Revisiting Feature Prediction for Learning Visual Representations from Video

Properties
authors	Adrien Bardes, Quentin Garrido, Jean Ponce, Xinlei Chen, Michael Rabbat, Yann LeCun, Mahmoud Assran, Nicolas Ballas
year	2024
url	http://arxiv.org/abs/2404.08471

Abstract

This paper explores feature prediction as a stand-alone objective for unsupervised learning from video and introduces V-JEPA, a collection of vision models trained solely using a feature prediction objective, without the use of pretrained image encoders, text, negative examples, reconstruction, or other sources of supervision. The models are trained on 2 million videos collected from public datasets and are evaluated on downstream image and video tasks. Our results show that learning by predicting video features leads to versatile visual representations that perform well on both motion and appearance-based tasks, without adaption of the model's parameters; e.g., using a frozen backbone. Our largest model, a ViT-H/16 trained only on videos, obtains 81.9% on Kinetics-400, 72.2% on Something-Something-v2, and 77.9% on ImageNet1K.

Notes¶

Zotero Link

Feature prediction leads to versatile visual representations that perform well across downstream image and video tasks without adaption of the model’s weights;

In fact, the objective in equation (1) is similar to the loss of Assran et al. (2023) used for image pretraining, but we modify it to use an l1 regression, which we found to be more stable.

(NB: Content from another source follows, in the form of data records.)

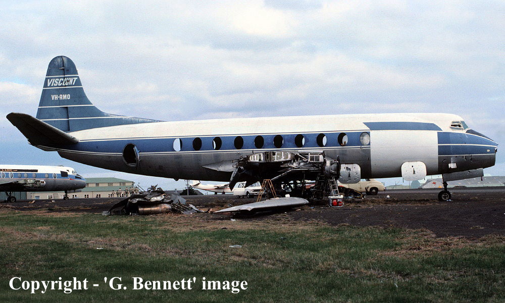 On This Day - July 22, 1976. The Ansett-ANA Vickers Viscount 747 VH-RMO was finally broken-up for scap at Melbourne (Essendon). Its intended sale to Pan Indonesian Airlines many years earlier did not eventuate, and the aircraft sat in the Essendon Airport graveyard in a hybrid livery. |
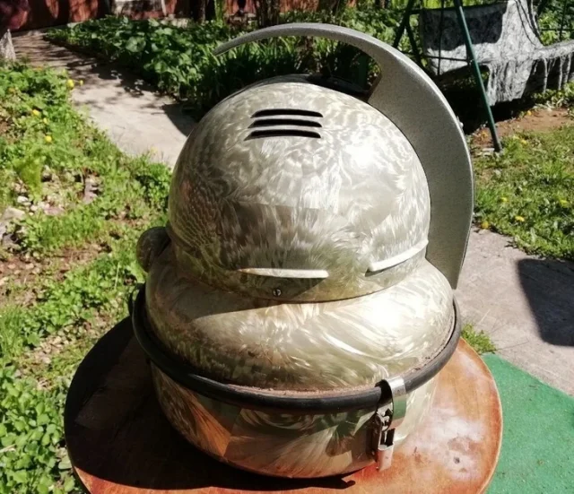 А это фен с шапочкой-сушуаром, который надевался на голову, чтобы побыстрее просушить, например, накрученные на бигуди волосы. Он обычно еще был с ремешком, чтобы можно было с ним ходить по квартире и делать какие-то дела, а не сидеть и ждать, пока волосы высохнут.
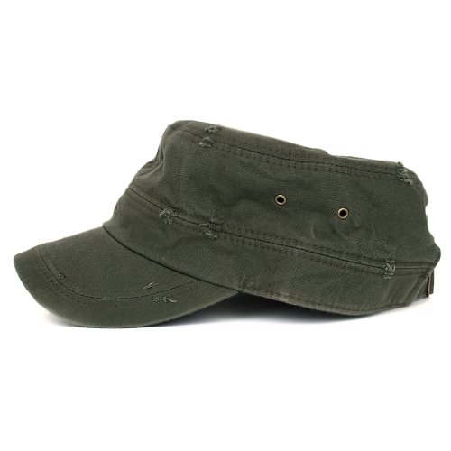 Ililily Distressed Cotton Cadet cap Strap Army Style Hat, Khaki
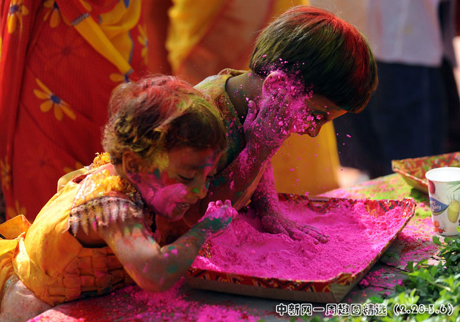 2月28日,印度舉行慶祝灑紅節(jié)活動(dòng),人們互撒顏料以示祝福。 灑紅節(jié)是印度最盛大的節(jié)日之一,在每年2月至3月間舉行。按照傳統(tǒng)習(xí)俗,人們會(huì)在自己的臉上和身上涂抹顏料,還向別人身上拋撒彩色顏料和粉末。圖片來源:中國(guó)新聞網(wǎng)>>點(diǎn)擊觀看詳細(xì)內(nèi)容
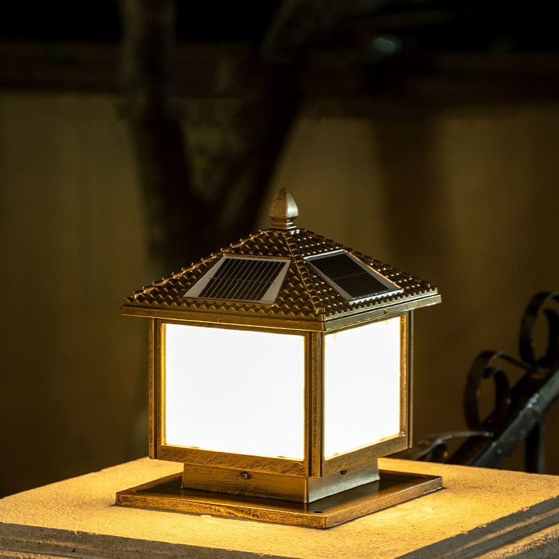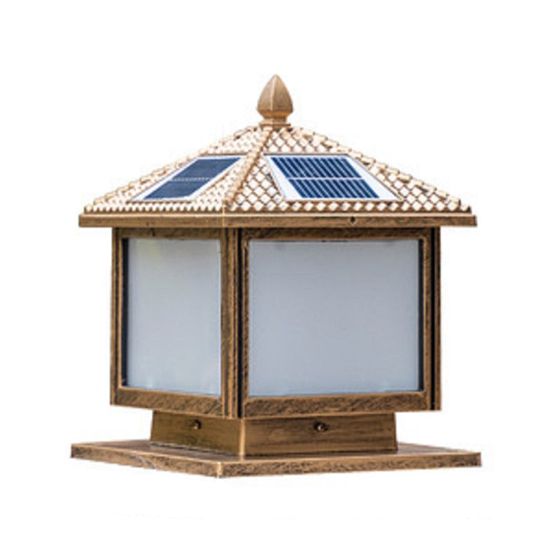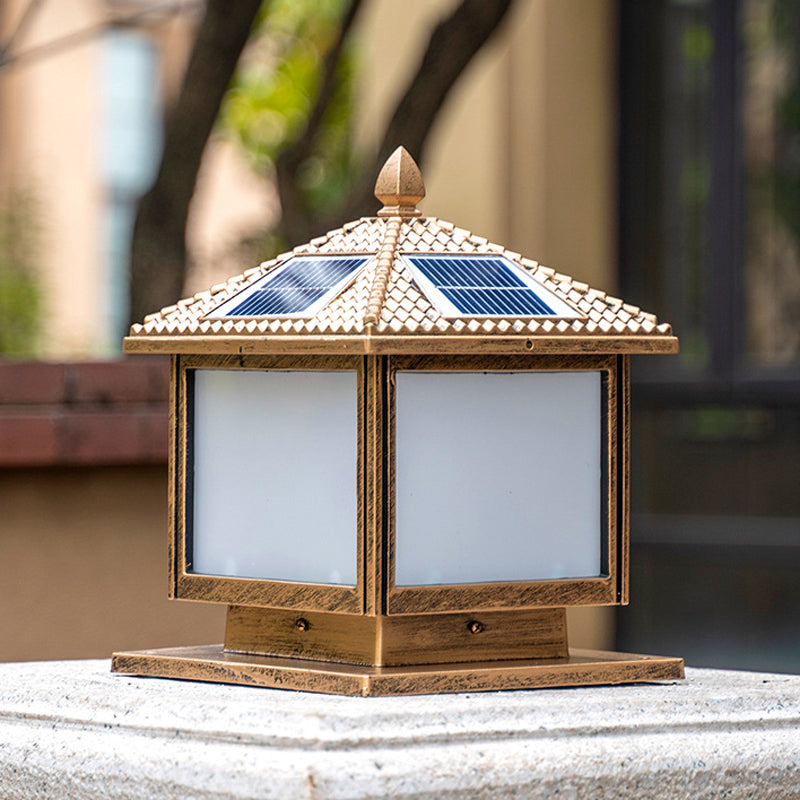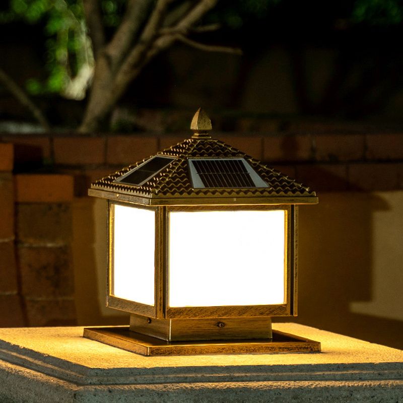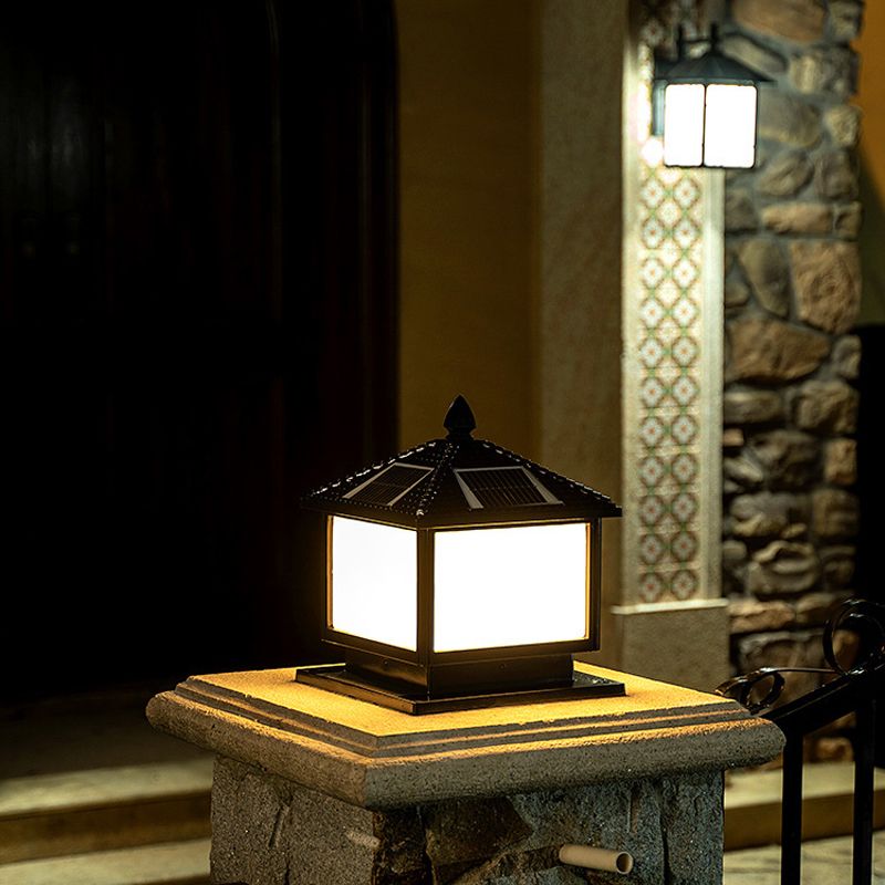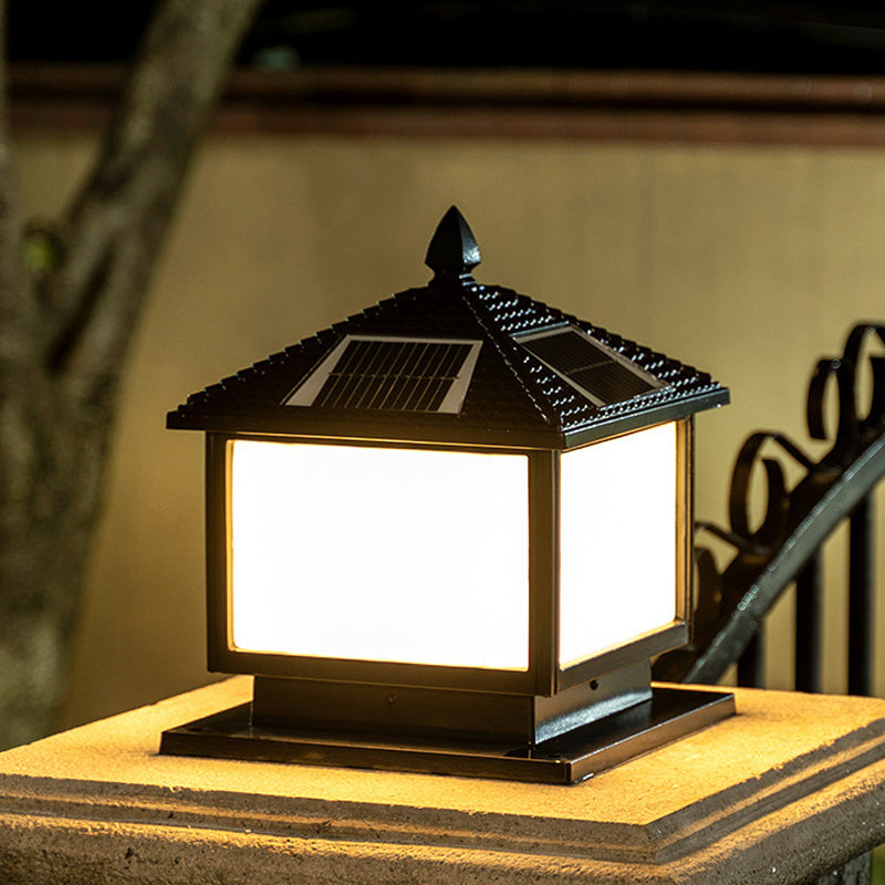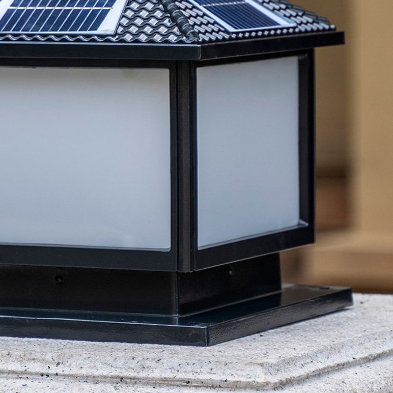 Solar Energy Pillar Lamp Square Outdoor Light with Acrylic Shade for Garden
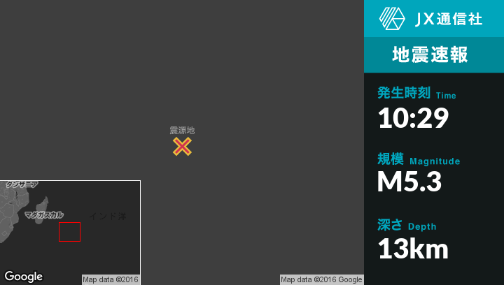 | 震源地 | レユニオン島のSaint-Philippeから南南東1012kmの地点 |
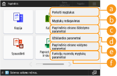 <Funkcijos rodymo apribojimas>: Pasirinkite funkcijas ar MEAP programas, kurios bus paslėptos ekrane <Pagrindinis>.
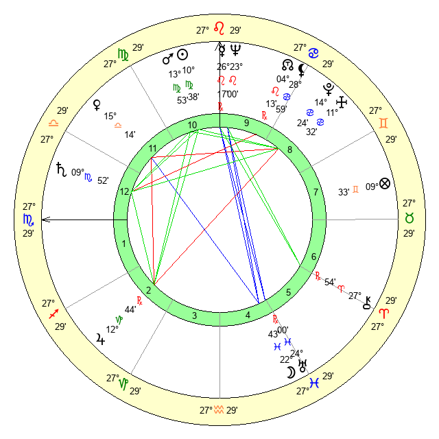 | Mercury | 26 Leo 18 | 2 Virgo 12 | 17 Sagittarius 42 |

Incredibly interesting. L1 regression because it was more stable. This is not very intuitive either! L1 is sparsity encouraging and would assume entries in the latents are laplace distributed instead of gaussian distributed.

The hypothesis is that incorporating an exponential moving average to compute the representation of y ensures that the predictor evolves faster than the encoder and remains close to optimal, thereby preventing collapse.

Masking a large continuous block that covers the full temporal dimension limits information leakage due to the spatial and temporal redundancy of videos, and results in a harder prediction task

The encoder is parameterized using standard ViT networks, while the predictor is a narrow transformer implemented using 12 blocks with an embedding dimension of 384.